* **Dataset excerpt**:
BEGIN

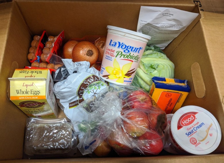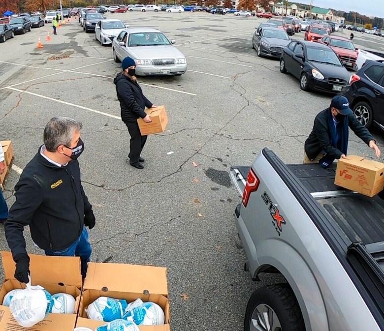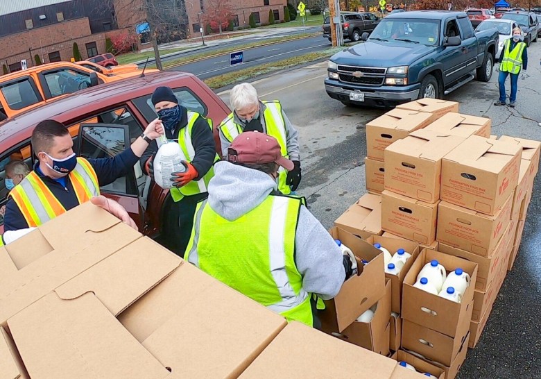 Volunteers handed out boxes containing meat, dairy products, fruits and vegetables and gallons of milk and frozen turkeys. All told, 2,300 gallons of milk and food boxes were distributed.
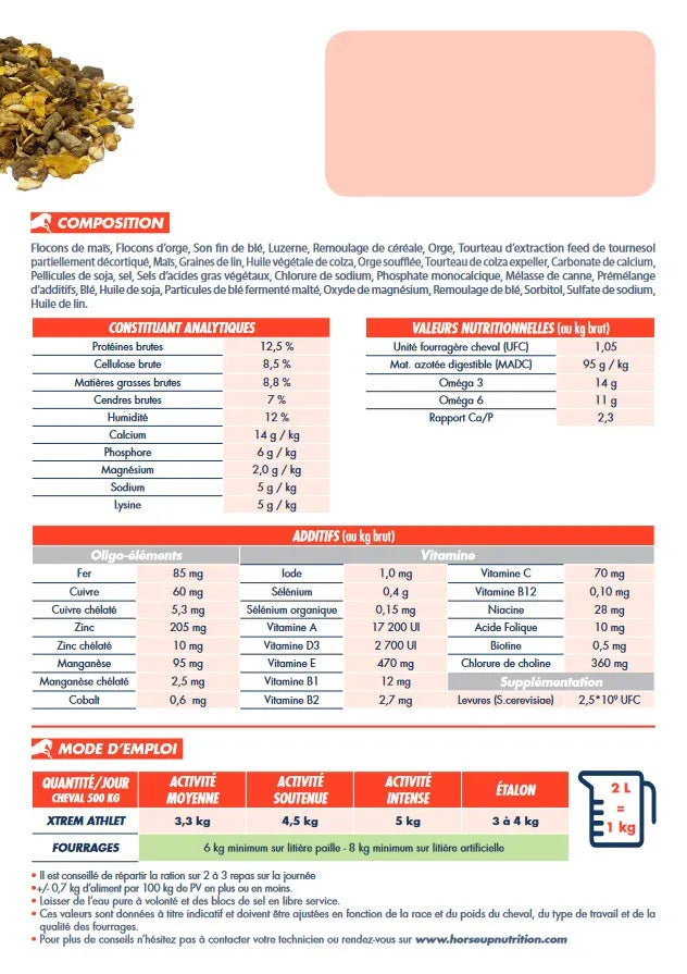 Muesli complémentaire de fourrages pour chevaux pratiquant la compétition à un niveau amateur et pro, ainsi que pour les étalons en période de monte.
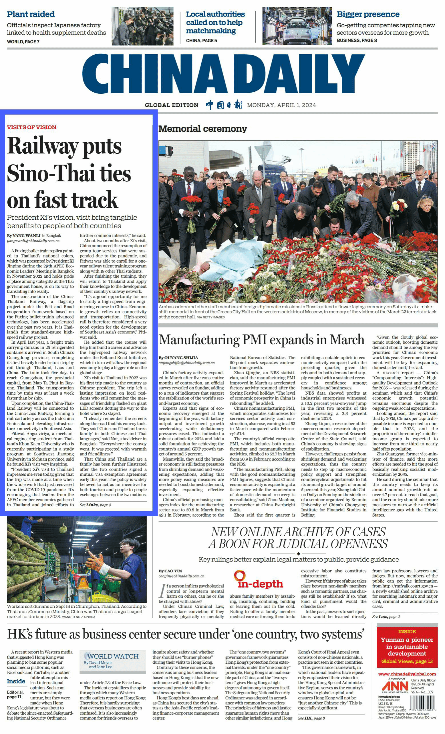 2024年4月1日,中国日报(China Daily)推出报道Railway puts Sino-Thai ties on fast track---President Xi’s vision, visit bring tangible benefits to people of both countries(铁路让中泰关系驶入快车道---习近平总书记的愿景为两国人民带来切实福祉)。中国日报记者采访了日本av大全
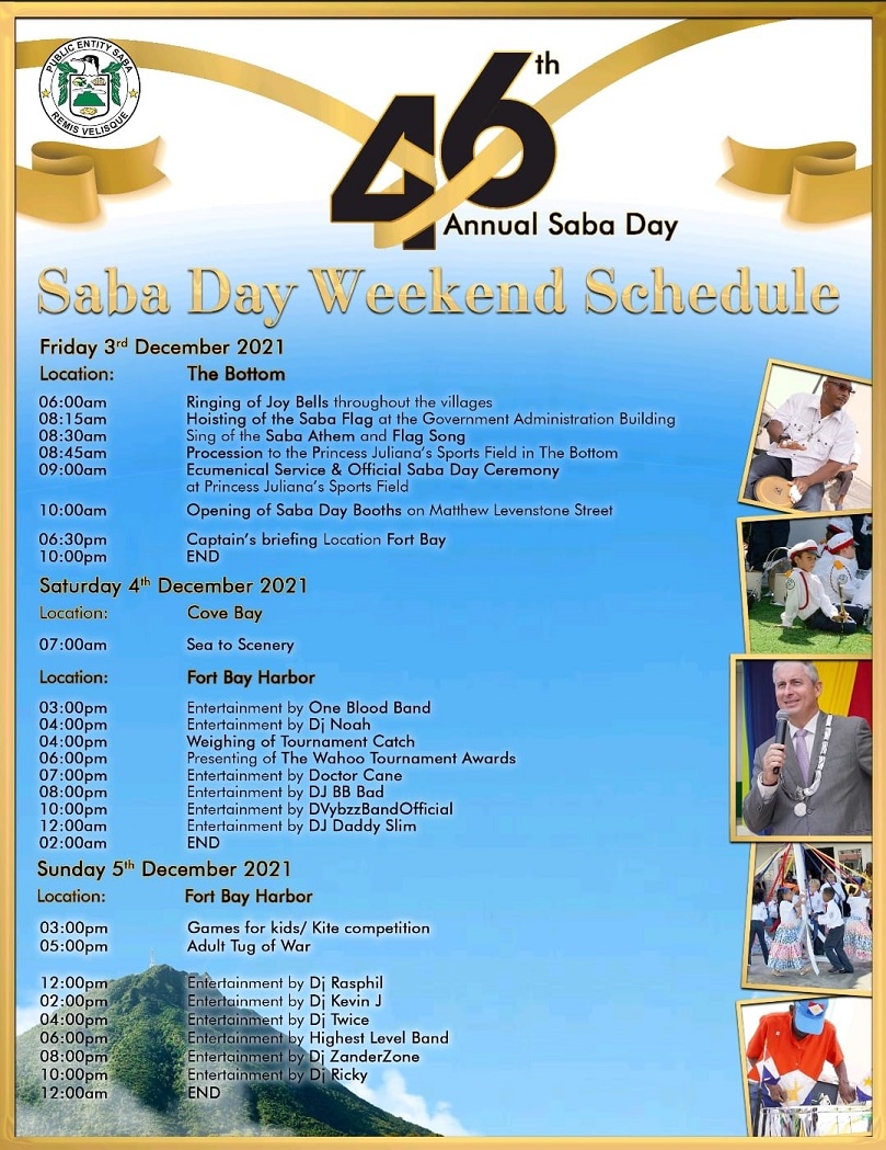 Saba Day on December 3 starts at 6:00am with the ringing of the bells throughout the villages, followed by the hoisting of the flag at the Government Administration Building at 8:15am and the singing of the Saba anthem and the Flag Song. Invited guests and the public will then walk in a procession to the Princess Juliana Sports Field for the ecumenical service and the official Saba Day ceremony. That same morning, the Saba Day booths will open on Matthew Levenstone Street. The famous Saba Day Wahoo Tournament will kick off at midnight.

END

* **Task requirements**: Set down nothing but the lines from the one containing "Muesli complémentaire de" to the final line above, both included, with every picture left out.

* **Answer below**:
 Muesli complémentaire de fourrages pour chevaux pratiquant la compétition à un niveau amateur et pro, ainsi que pour les étalons en période de monte.
 2024年4月1日,中国日报(China Daily)推出报道Railway puts Sino-Thai ties on fast track---President Xi’s vision, visit bring tangible benefits to people of both countries(铁路让中泰关系驶入快车道---习近平总书记的愿景为两国人民带来切实福祉)。中国日报记者采访了日本av大全
 Saba Day on December 3 starts at 6:00am with the ringing of the bells throughout the villages, followed by the hoisting of the flag at the Government Administration Building at 8:15am and the singing of the Saba anthem and the Flag Song. Invited guests and the public will then walk in a procession to the Princess Juliana Sports Field for the ecumenical service and the official Saba Day ceremony. That same morning, the Saba Day booths will open on Matthew Levenstone Street. The famous Saba Day Wahoo Tournament will kick off at midnight.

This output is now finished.